The heartier styles (more yang) require more cooking time – with more absorption of heat through fire – and have therefore a more “warming” effect. The food can be boiled for a longer time, slowly marinated, stewed, grilled, broiled, baked, pressure cooked, deep fried, etc.

Chunky VegetablesIn this case, the vegetables should be cut in bigger pieces, as to allow the heat of fire to penetrate slowly. Big dices, chunks, thick slices and thicker matchstick styles will do.

It is important to know that balance should be sought at all times and that it is the different proportion that makes a meal cooler or warmer, but that both elements should be present in every meal. Even though during summer we definitely want to keep our system refreshed, we still need to have something a little substantial in order to maintain the proper energy level.

At the same time, during winter we want to keep ourselves warm, but a little bit of something light will uplift the energy and we will not transform ourselves into logs!

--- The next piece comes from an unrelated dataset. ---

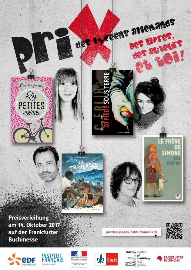 Für das Jahr 2017 sind vier Romane der neueren französischen Jugendliteratur nominiert: - Les petites reines von Clémentine Beauvais - 20 pieds sous terre von Charlotte Erlih - La Traversée von Jean-Christophe Tixier - Le frère de Simone von Eva Kavian

In other words, we give preference to certain cooking styles for a particular season, but not use them exclusively, waiting for next summer to grate something fresh. Go ahead and grate away! That little spoonful of freshness with help you enjoy and digest your hearty meal even more. On the same token, isn’t it nice to enjoy something grilled in your summery backyard, while getting plenty of moisture through fresh salads and crisp and light entrees?

A Zen Chef looks very little at the biochemical components, caloric breakdown and daily values, and observes much more the energy patterns, as those are universal and can be applied anywhere and at anytime.

He doesn’t exclude one type of energy in favor of its opposite, but knows how to maintain the ideal proportion of yin and yang according to the cirumstances. He istinctively knows how to apply balance and enjoys a fit shape and good health as a result.

Congratulations! You’ve made it through all five lessons and have now a better understanding of how the food choices we make affect our energy level and our overall vitality.